Question

1) Show that ${{\log }_{5}}6$ is irrational.
2) Find the least possible value of x such that ${{\log }_{\sin x}}\cos x+{{\log }_{\cos x}}\sin x=2$.

Answer 1

Hint: In this to show that ${{\log }_{5}}6$ is irrational we will first assume that ${{\log }_{5}}6$ is rational then it has the form $\dfrac{p}{q}$ then we will get contradiction after some steps that ${{\log }_{5}}6$ is not rational, which means it must be irrational. Then, for the second part, we will first use the property of logarithm that ${{\log }_{b}}a=\dfrac{\log a}{\log b}$. Then by cross multiplication, we will find some equation then by solving that equation, we get the least value of x.

Complete step-by-step solution
(1) Suppose ${{\log }_{5}}6$ is rational. Then
${{\log }_{5}}6=\dfrac{p}{q},\text{ }p,q\in {{Z }^{+}}\left( \text{positive integer } \right)$
${{5}^{{{\log }_{5}}6}}={{5}^{\dfrac{p}{q}}}$
By the property of logarithm, ${{a}^{{{\log }_{a}}b}}=b$
By applying this property, we get
$6={{5}^{\dfrac{p}{q}}}$
Taking q power on both sides, we get
\[{{6}^{q}}={{\left( {{5}^{\dfrac{p}{q}}} \right)}^{q}}\]
\[\Rightarrow {{6}^{q}}={{5}^{p}}......\left( i \right)\]
Since p and q are positive integers. Also, 6 is an even number and qth power of any even number is an even number. Similarly pth power of any odd number is an odd number.
\[{{6}^{q}}\]is an even number and \[{{5}^{p}}\] is an odd number. Hence equation (i) is a contradiction to that even number cannot be equal to an odd number. Hence our assumption is wrong.
Implies ${{\log }_{5}}6$ is an irrational number.
(2) Given that,
${{\log }_{\sin x}}\cos x+{{\log }_{\cos x}}\sin x=2$
By using the property ${{\log }_{b}}a=\dfrac{\log a}{\log b}$, we get
\[\dfrac{\log \cos x}{\log \sin x}+\dfrac{\log \sin x}{\log \cos x}=2\]
By cross multiplication, we get
\[{{\left( \log \cos x \right)}^{2}}+{{\left( \log \sin x \right)}^{2}}=2\log \sin x\cdot \log \cos x\]
By subtracting \[2\log \sin x\cdot \log \cos x\] by both sides, we get
\[\Rightarrow{{\left( \log \cos x \right)}^{2}}+{{\left( \log \sin x \right)}^{2}}-2\log \sin x\cdot \log \cos x=2\log \sin x\cdot \log \cos x-2\log \sin x\cdot \log \cos x\]
\[\Rightarrow {{\left( \log \cos x \right)}^{2}}+{{\left( \log \sin x \right)}^{2}}-2\log \sin x\cdot \log \cos x=0\]
Which in the form \[{{\left( a \right)}^{2}}+{{\left( b \right)}^{2}}-2a\cdot b={{\left( a-b \right)}^{2}}\]
\[\Rightarrow {{\left( \log \cos x-\log \sin x \right)}^{2}}=0\]
Since, \[\log a-\log b=\log \dfrac{a}{b}\]
\[\Rightarrow {{\left( \log \dfrac{\cos x}{\sin x} \right)}^{2}}=0\]
\[\Rightarrow \log \dfrac{\cos x}{\sin x}=0\]
\[\Rightarrow \log \cot x=0\]
Logarithm of any function is zero if that function has value is equal to 1
Hence cotx = 1
\[x={{\cot }^{-1}}1\]
\[\Rightarrow x=\dfrac{\pi }{4}\left( 4n+1 \right)\text{, n is integer}\text{.}\]
Hence, the least possible value of x is \[\dfrac{\pi }{4}\].

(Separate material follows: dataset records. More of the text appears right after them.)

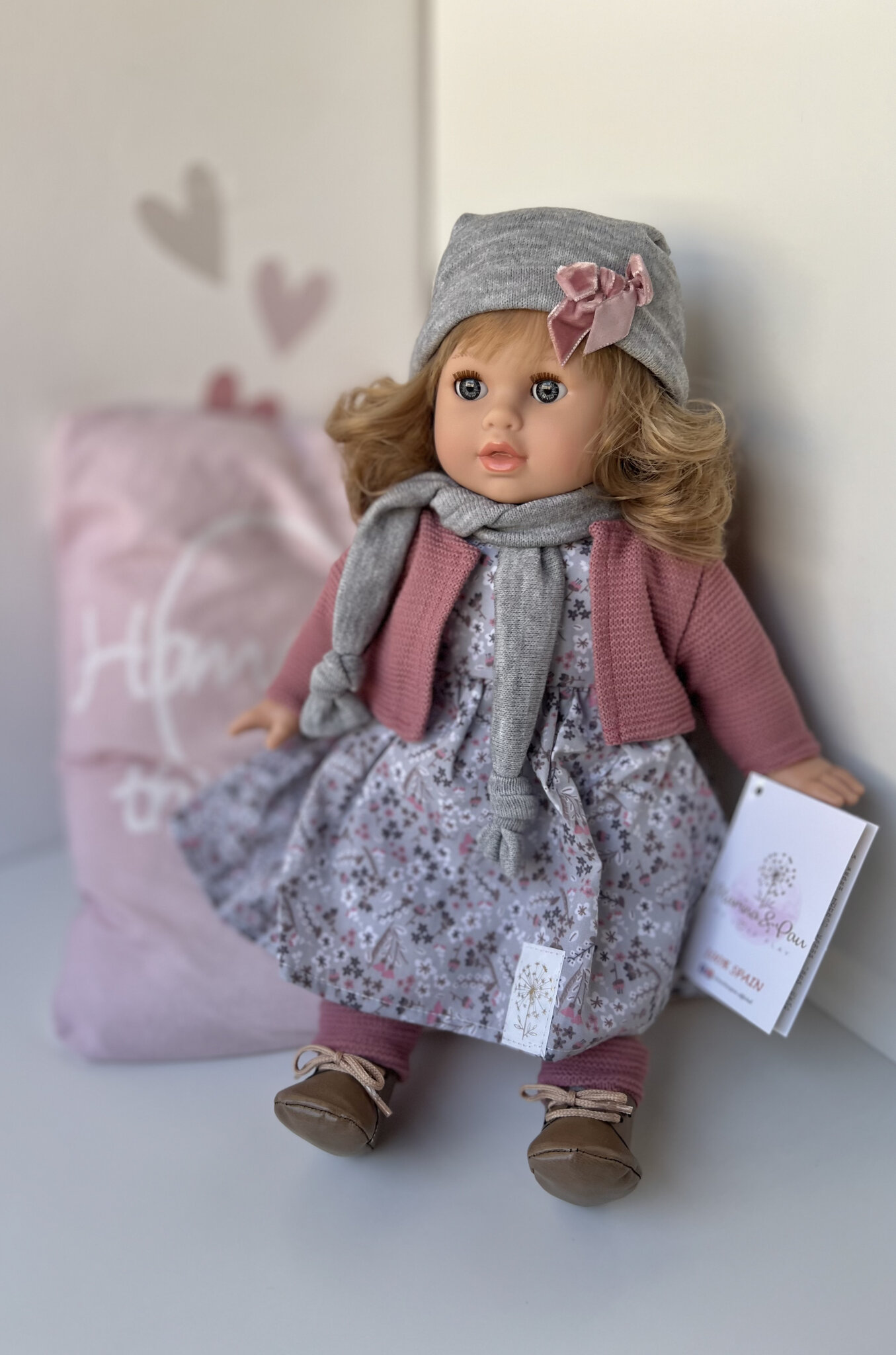 The 42 cm tall TINA doll from Marina & Pau is created with attention to the smallest details. She has expressive eyes that automatically open and close depending on the position of the body. The look is emphasized by eyelashes and carefully drawn eyebrows. The head, arms and legs are made of high-quality vinyl, the body is soft-stuffed with a textile lining – ideal for hugs and everyday play. The head turns, which allows you to comb the hair and easily change the poses of the doll. All elements are removable. Size: 42 cm Material: high-quality vinyl and soft-stuffed body Aroma: vanilla Manufacturer: Marina & Pau Spain
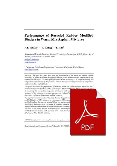 The past few years have seen the introduction of the warm mix asphalt (WMA) technology in efforts to reduce the required energy for the production and construction of the asphalt concrete layer. The basic principle of the WMA technology is to lower the mixing and compaction temperatures of the produced mixture through lowering the viscosity-temperature relationship of the asphalt binder.
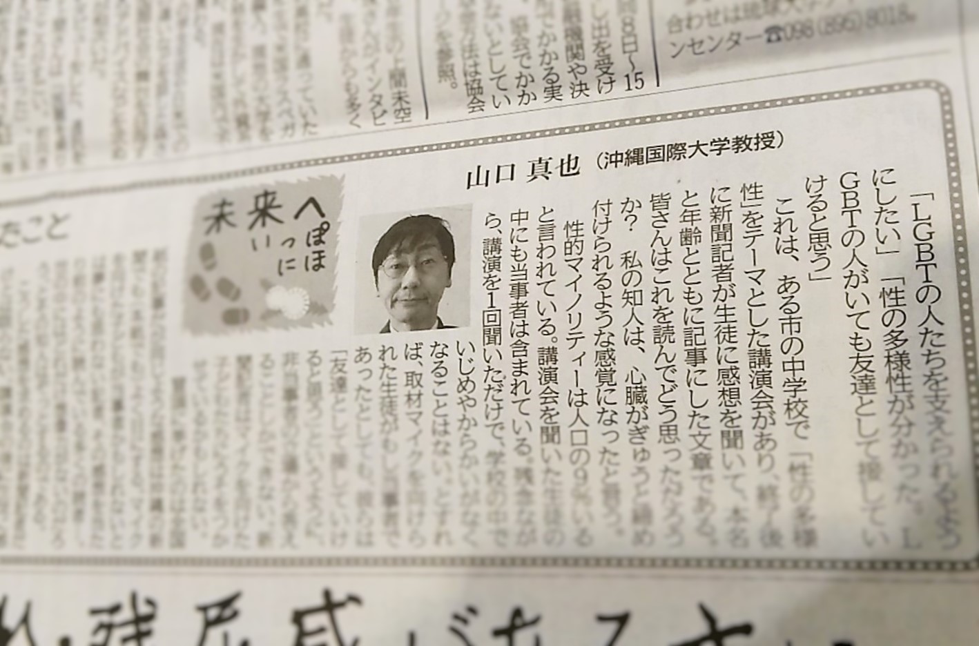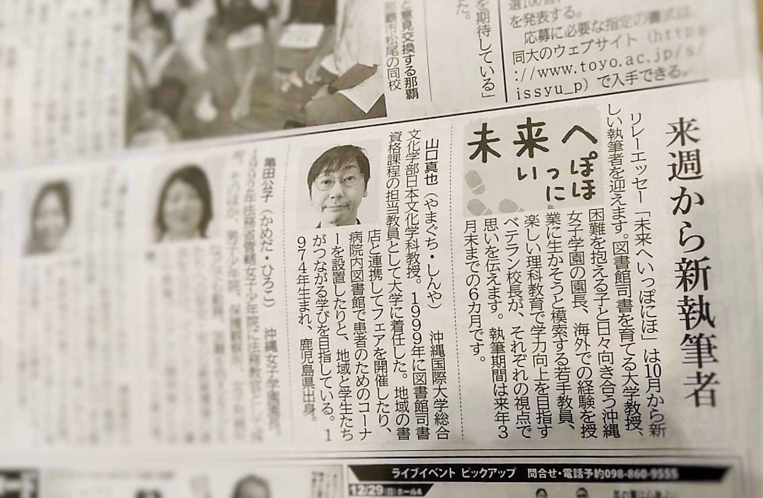 『琉球新報』毎週金曜日に掲載されている教育関係者によるリレーエッセイ「未来へいっぽにほ」。10月から新しい執筆者に交代し、週替わりでエッセイを担当する執筆者の1人に、日本文化学科で図書館学の授業を担当している山口真也先生も加わることになりました。
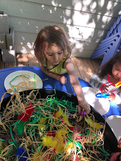 we made our own spider web of yarn throughout our play yard and crawled under and over the giant web.
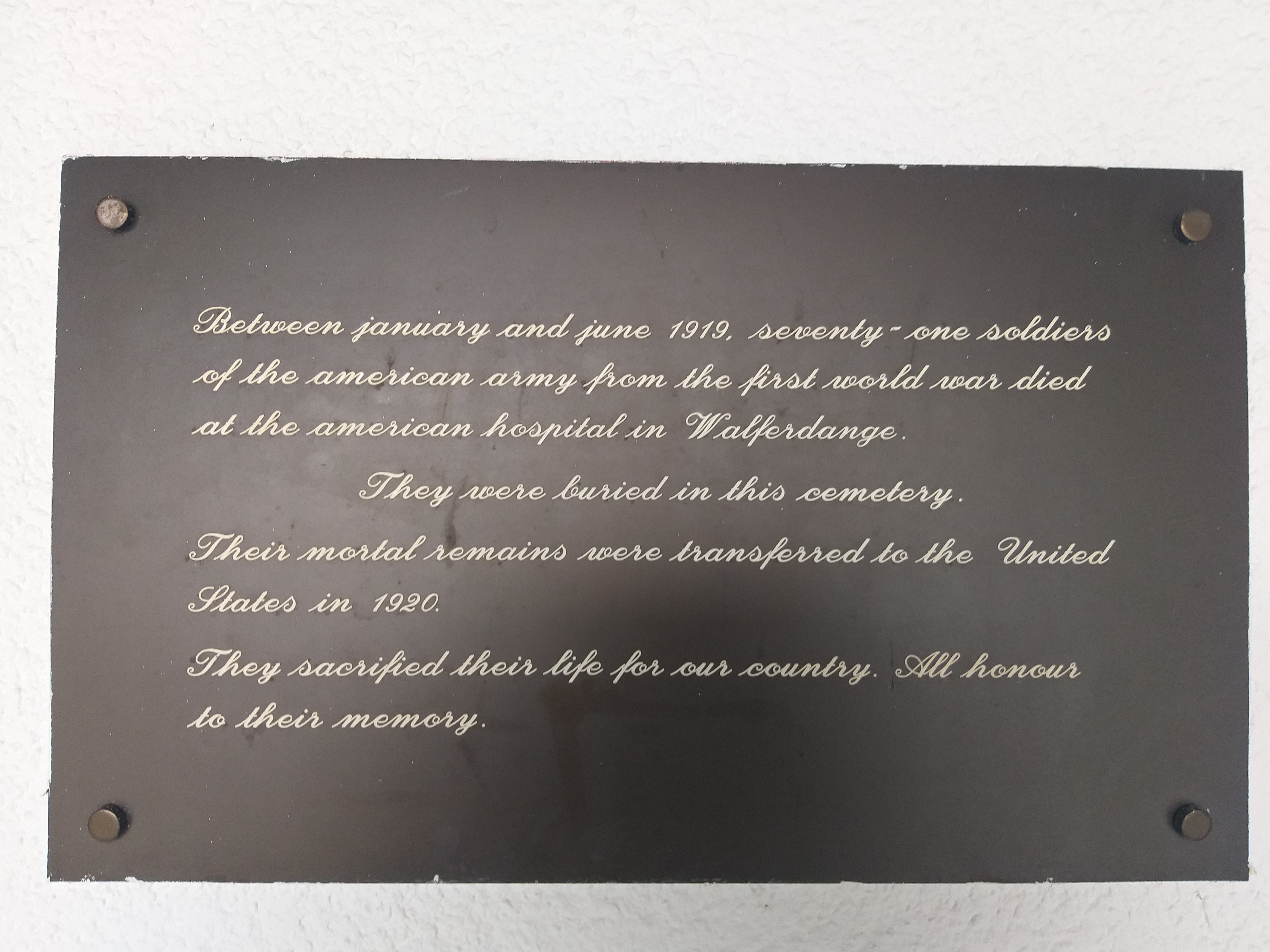 The town cemetery contains a plaque to fallen Americans in WWI.
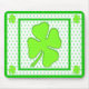 Este clip art é um desenho de uma shamrock. A folha é um verde opaco com bolinhas em branco com um fundo verde. Uma borda ao redor da folha é um limão e verde escuro. Bolinhas verdes são adicionadas com um fundo branco. Foi adicionada uma borda cintilante verde. Este mouse pad faz um excelente adicional para sua casa ou escritório. Mantenha o fundo branco ou mude para qualquer cor que você quiser.
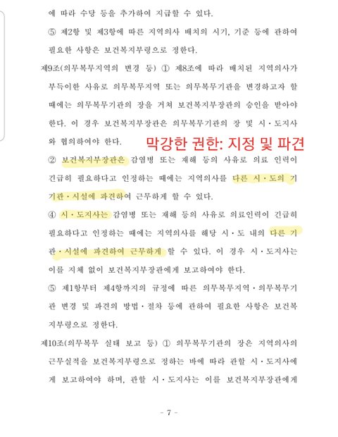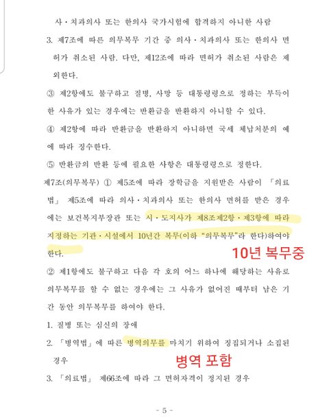 진짜 사명감으로 그 과를 전공하는 의사들의 자존심에 생채기를 내고 10년의 의무복무를 시킨다고 한다. 그동안 수련병원 순환근무를 하고 나면 10년 중 의무복무 기간은 더 짧아진다.
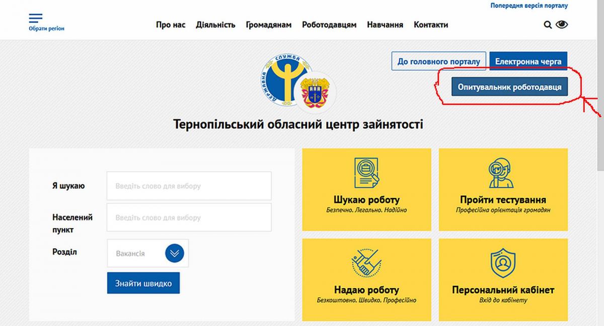 Служба зайнятості не стоїть на місці, а постійно удосконалює та поліпшує соціальні послуги. Ваша думка є важливою для нас! Отож, чекаємо Ваших пропозицій щодо очікуваного вдосконалення послуг ДСЗ - просимо пройти опитування на веб-сторінці Тернопільського обласного центру зайнятості https://ter.dcz.gov.ua/. Для цього потрібно зайти на головну сторінку, справа зверху клікнути на «Опитувальник роботодавця»
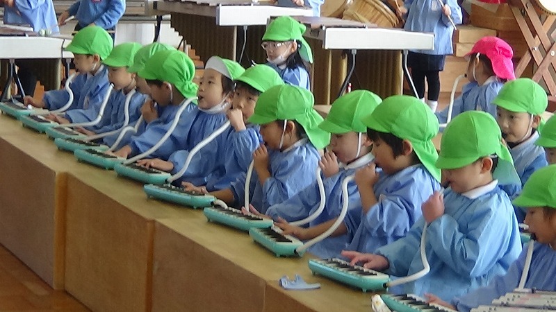 子どもたちは、楽譜を見ず、音を聞いて、自分たちの入る場所、メロディ、リズムを感覚で覚えます。
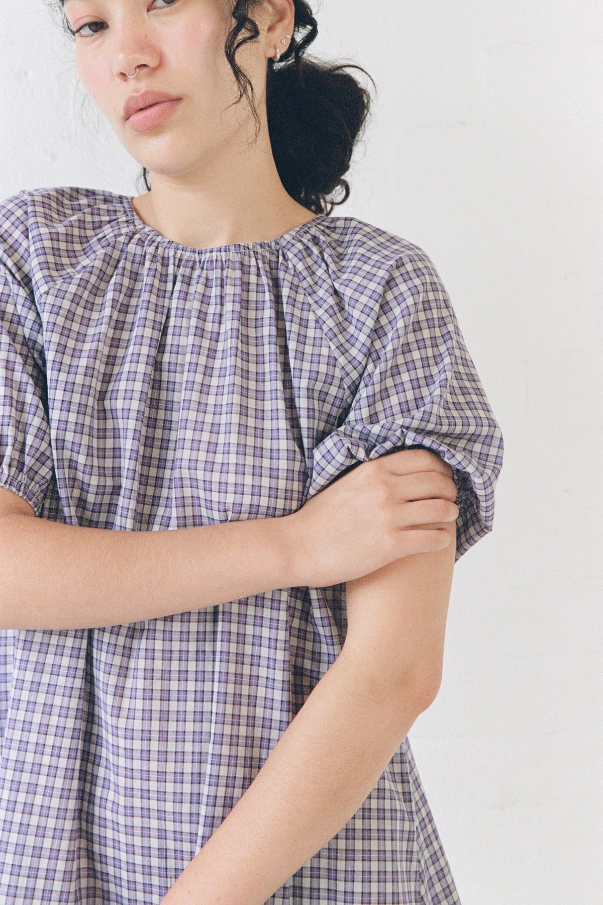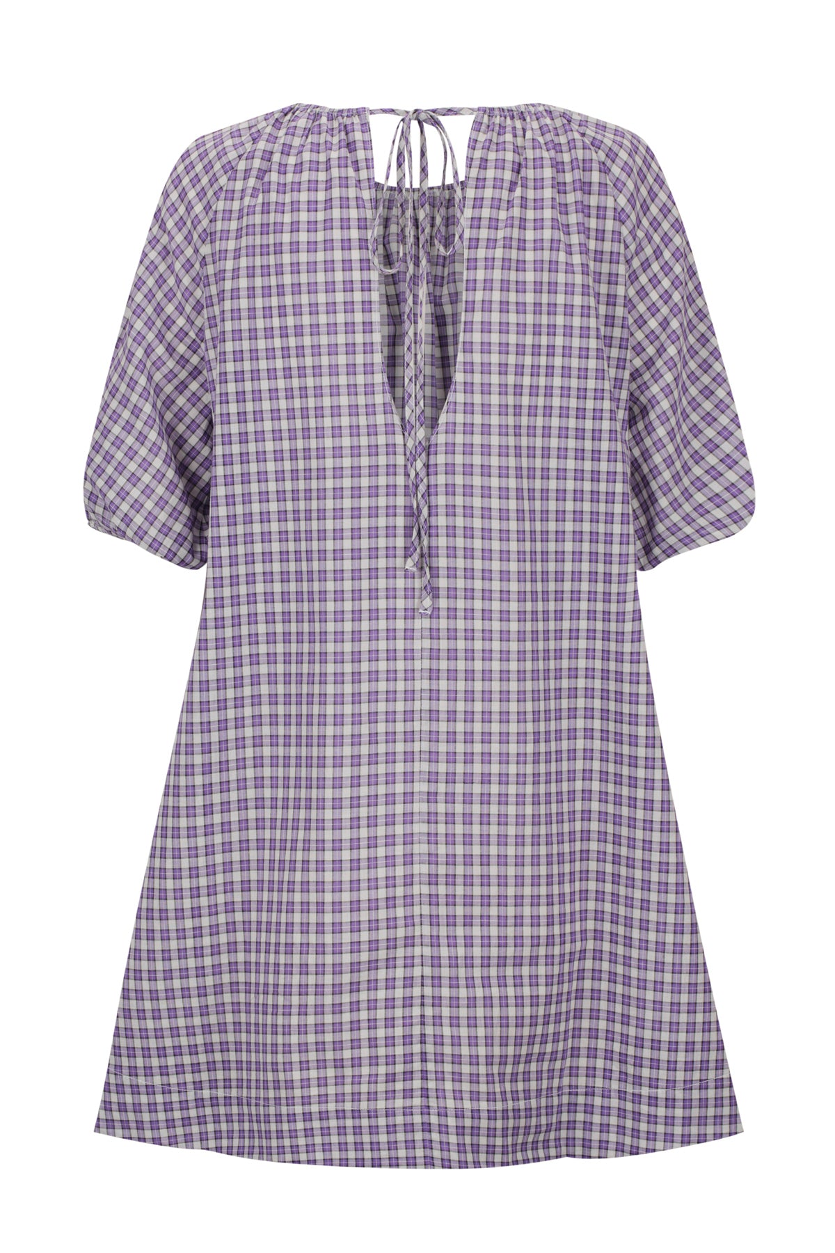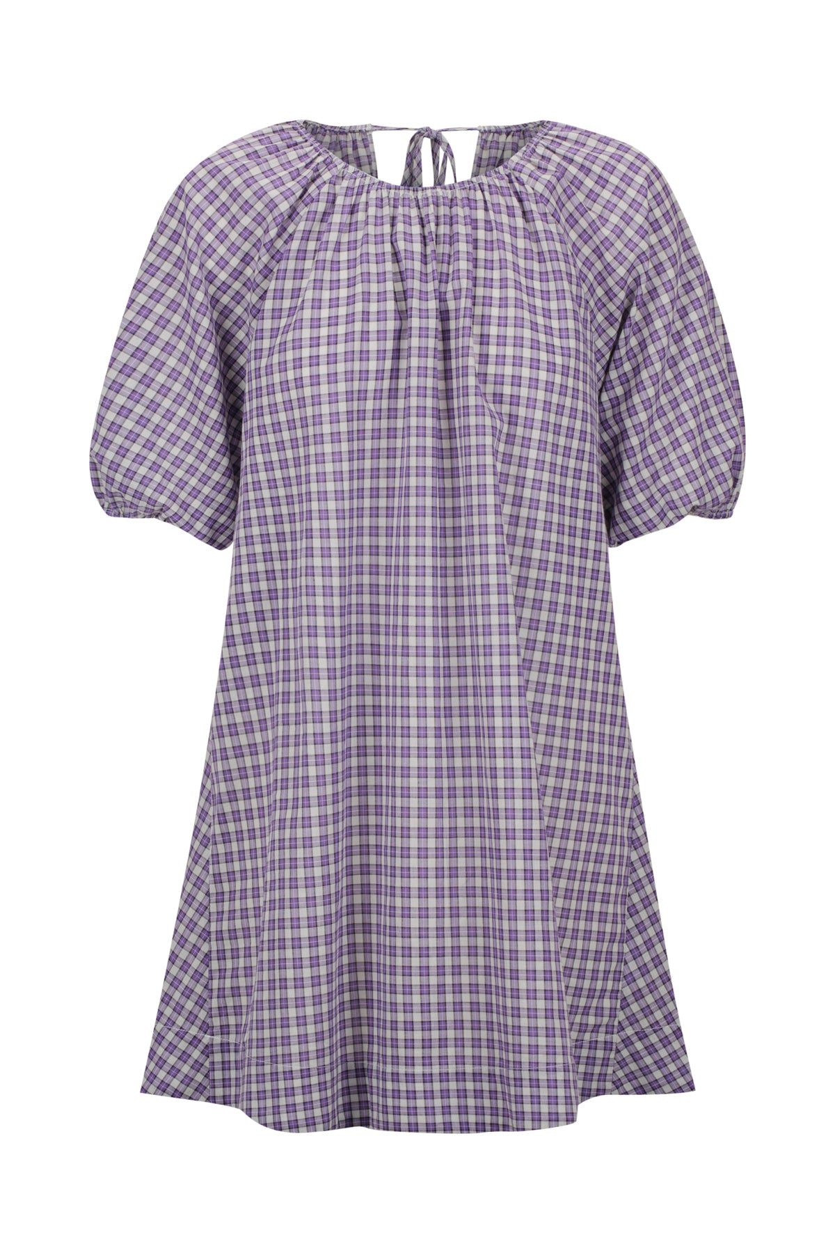 Lightweight raglan mini dress with short sleeves in 100% cotton plaid.
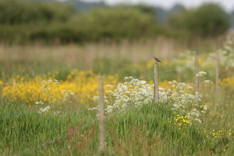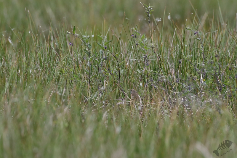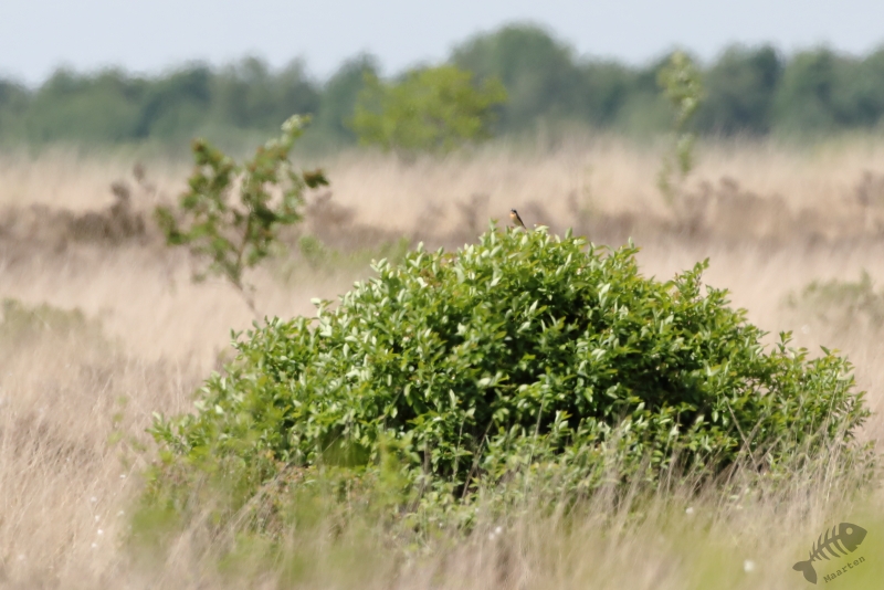 Hierna zijn we doorgegaan om het Paapje (en al het andere) te zoeken. Aan het begin van het pad bij het “Paapjesveld” zat een Boompieper heel mooi in een Vliegden te zingen en hoorden we een Paapje verderop zingen. Deze leek niet dichterbij te komen en bleef het dus bij een plaatje op afstand. We hebben het grote pad afgelopen, richting de grens met Friesland en kwamen hier alleen nog de andere Pieper (Gras) tegen. Her en der was het pad behoorlijk nat, wat het lopen soms best lastig maakte. Maar hopen dat het nat genoeg is om een droge zomer goed door te komen… We zijn over het fietspad teruggelopen waar aan het einde, bijna bij de auto, de neef van het Paapje fraai zat te zingen.
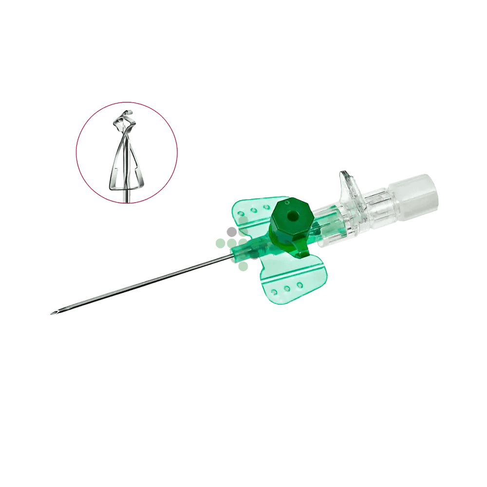 - Príslušenstvo: fixačné krídelká, injekčný port s jednocestným ventilom, bezpečnostný mechanizmus ihly
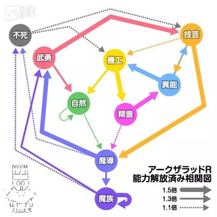 当然,也不是所有游戏设计属性关系的时候都能处理的这么巧妙,比如《亚克传承R》,这个属性关系用列表表示出来的确整整齐齐的:
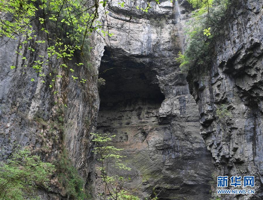 地洞河天坑的巖壁(4月22日攝)。位于陜西省漢中市寧強縣的地洞河天坑,是禪家?guī)r天坑群中規(guī)模最大的一處天坑,坑內(nèi)分布有石鐘乳、石筍,具有極高的地質(zhì)研究價值。 新華社記者 張博文 攝

Note: In this problem students should not assume that we assume p and q to be positive numbers because the logarithm of any number cannot be negative. Hence, if we consider negative integers then it may be possible that we consider one positive and one negative integer to form rational but then the whole number becomes negative which is not possible. In this second problem, we should know the properties of logarithm function, trigonometric function, and inverse trigonometric function.